Siedem Wspaniałych, środa 7 czerwca, ruszamy!

Na początek malowane Zalipie, które urzekło mnie już w momencie pokazywania tego miejsca przez Marzenę. Wtedy jednakże nijak było mi tam po drodze, ale teraz idealnie nadawało się na odwiedziny zmierzając do Sandomierza.

1-IMG_20230607_154831.jpg


2a.jpg
dangol
Weteran
Avatar użytkownika
Posty: 12745
Dołączył(a): 29.06.2007
Re: Dolny Śląsk i nieco dalej... (Zalipie)

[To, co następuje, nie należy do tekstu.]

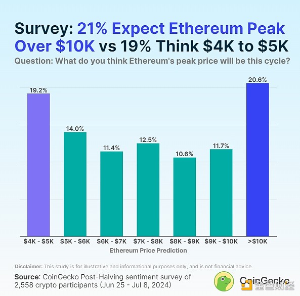 與Bitcoin不同,crypto參與者對Ethereum價格的預期相當復雜。20.6% 的受訪者預測Ethereum將在本輪周期內(nèi)達到 10,000 美元以上的峰值,這是最受歡迎的觀點,但差距很小。另一方面,19.2% 的人預測Ethereum這次最多只能達到 5,000 美元。
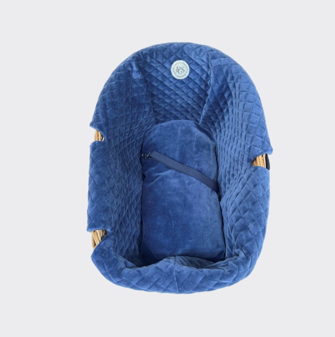 MATERIALS: basket - varnished wicker and pine wood; grille - metal; straps - eco leather; cover - velour (80% cotton, 20% polyester); filling - polyester fibers. Velour is a pile fabric on which the embroidery process can leave a hoop mark that should diminish over time
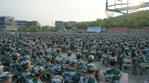 军训总教官胡滨宣布军训作息时间和纪律。他表示,将严格要求、科学施教,帮助新生学有所获。希望同学们珍惜这次军训机会,不怕艰苦、严格训练,把军训经历定格在成长成才的轨迹中,转化为报效祖国的强大正能量。
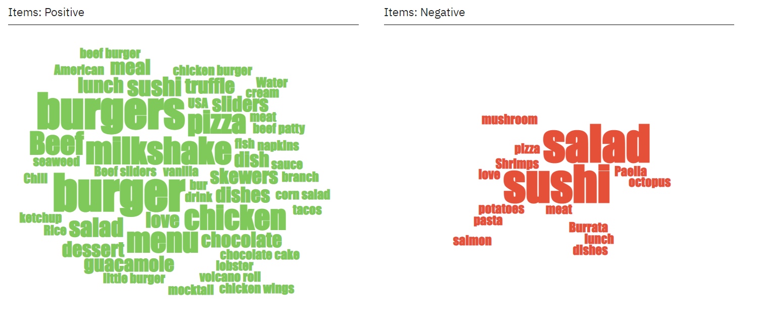 See what customers mention most—menu items, services, or experiences—sorted by sentiment.
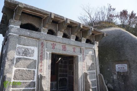 紫陽宮為當(dāng)?shù)厝思o(jì)念鄧禹修建的道觀。全部采用花崗巖砌成,石屋巍峨,建筑華麗。門前橫梁正中刻著“紫陽宮”三字,宮內(nèi)供奉鄧禹石像。兩側(cè)石柱之上刻有對(duì)聯(lián)一副:“一竅道通沖北極,萬年仙境鎮(zhèn)西山”。石室下方有鄧仙洞、鄧真君墓、起居石室。
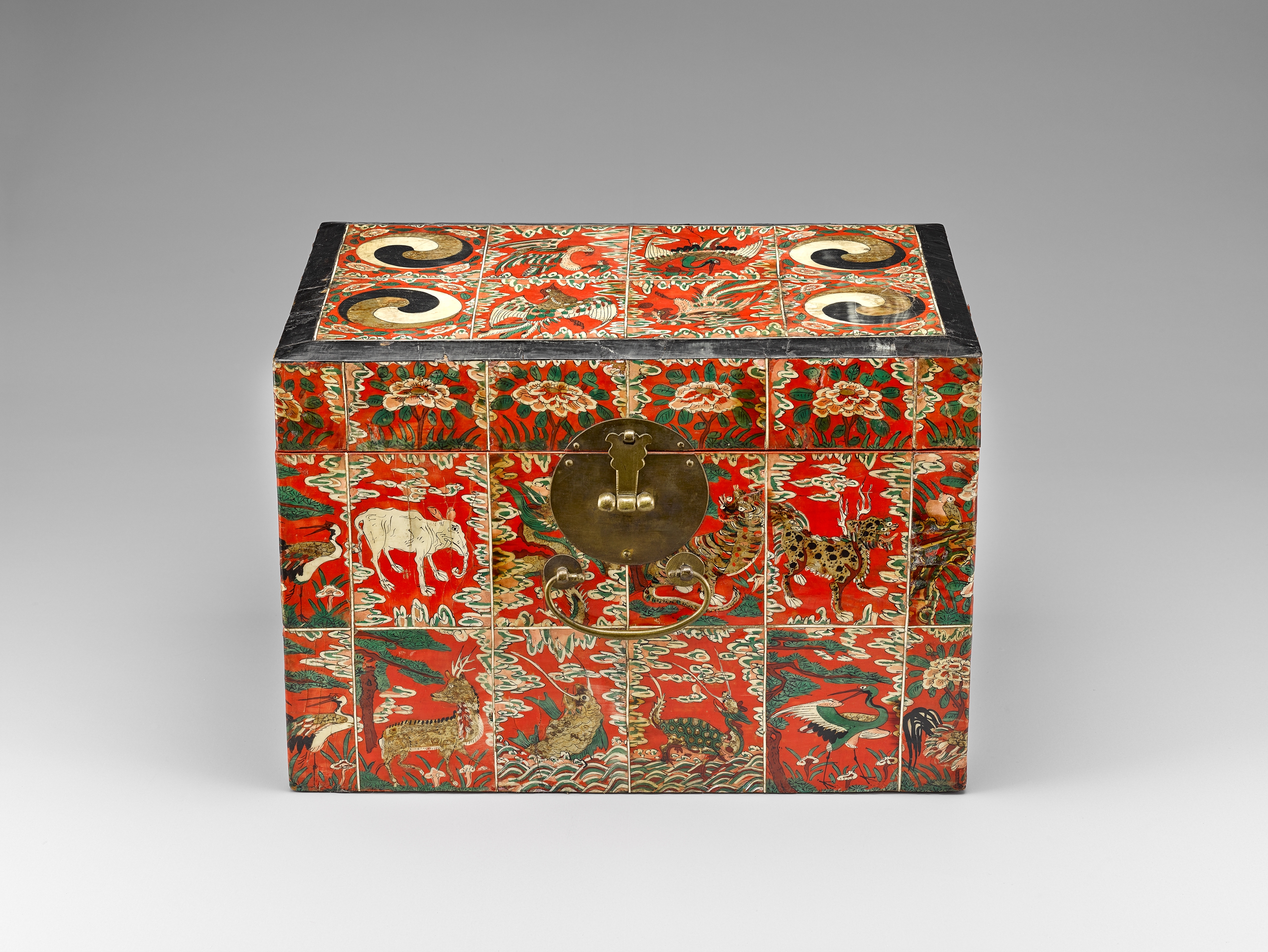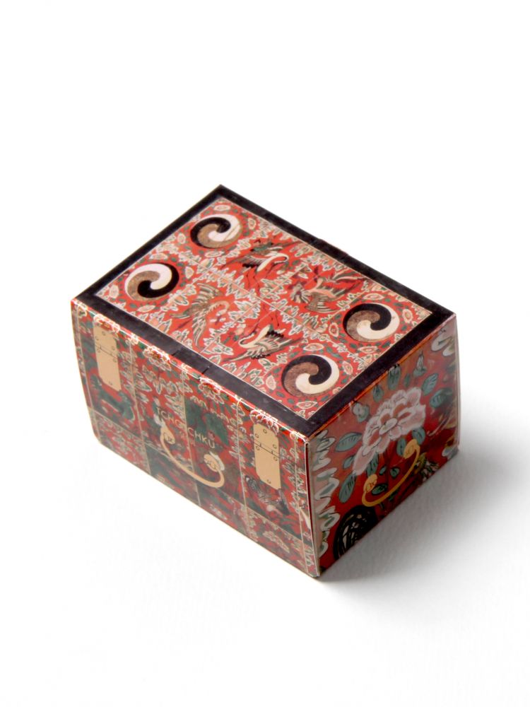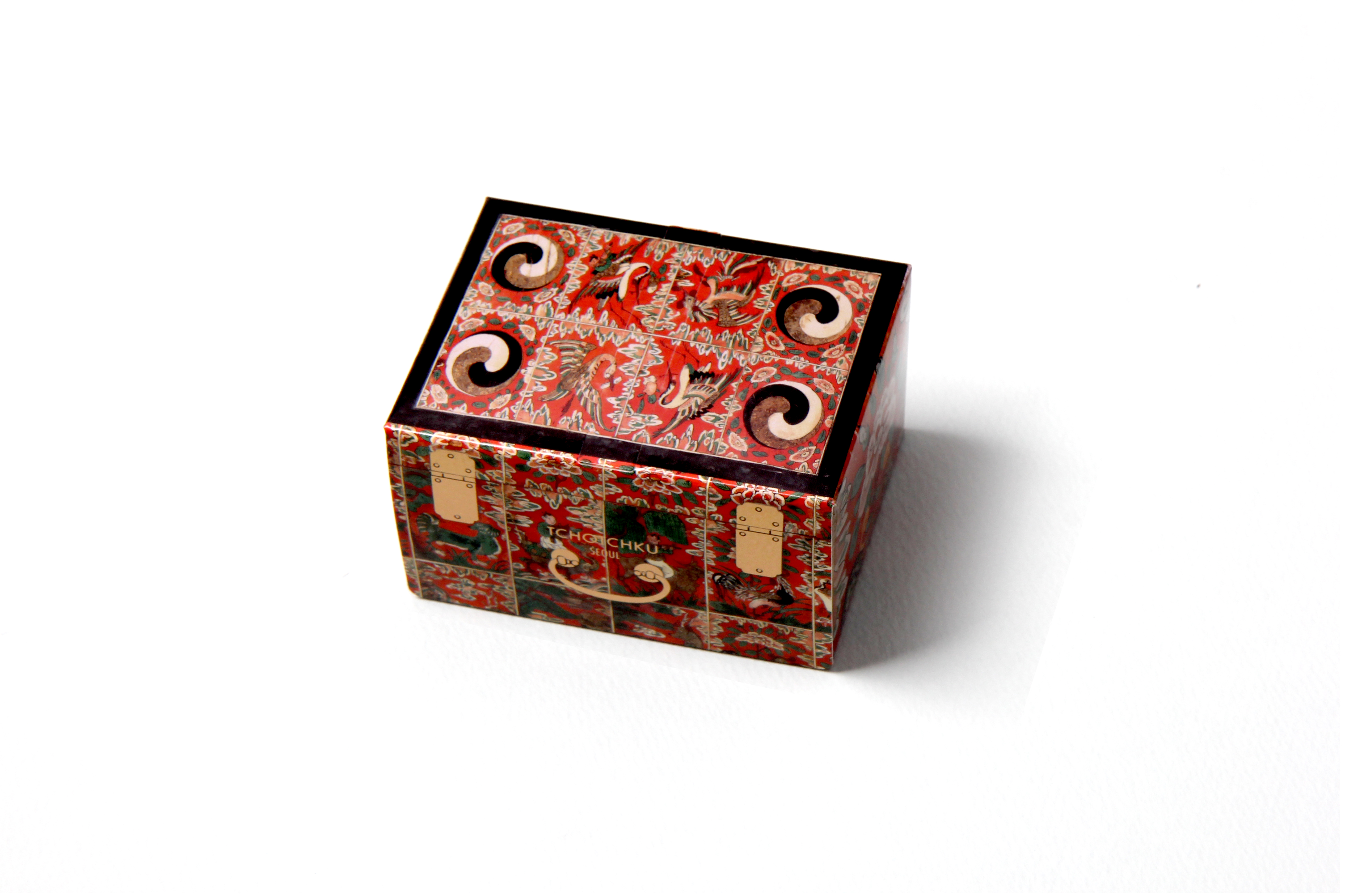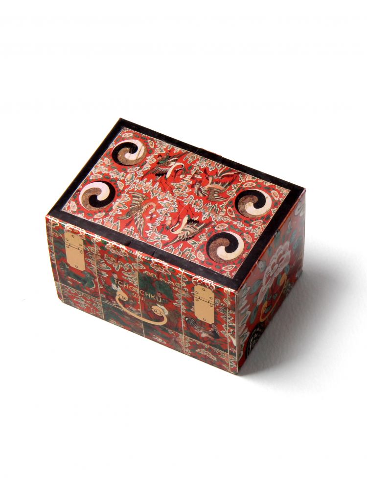붉은 주칠을 하고 꽃과 태극무늬 동자 등 여러 가지 모티브로 아름답게 제작된 화각함을 활용하여 디자인했습니다.

Nieprzeczytany postnapisał(a) dangol » 13.06.2023 09:18

Gdy podjeżdżałyśmy pod Zagrodę Curyłowej, akurat z autokaru wysiadła wycieczka dzieciaków. No nie, w takim tłumie zwiedzanie jest bez sensu! Zdecydowałyśmy, iż najpierw zaglądniemy do Domu Malarek, a do muzealnej zagrody wrócimy po godzinie :wink: .

2-IMG_20230607_140924.jpg


3-IMG_20230607_141132.jpg


4-IMG_20230607_142959.jpg


5-IMG_20230607_143002.jpg


Dom Malarek jest zalipiańskim domem kultury. Można w nim obejrzeć prace lokalnych „kwietnych” artystów (głównie pań, ale jakieś malunki męskiego wykonania też są). W jednej z mniejszych sal odbywają się warsztaty malowania w stylu zalipiańskim, aczkolwiek nie ma żadnych konkretnych wzorów, każda malarka dobiera kształty i kolory kwiatów według własnego gustu.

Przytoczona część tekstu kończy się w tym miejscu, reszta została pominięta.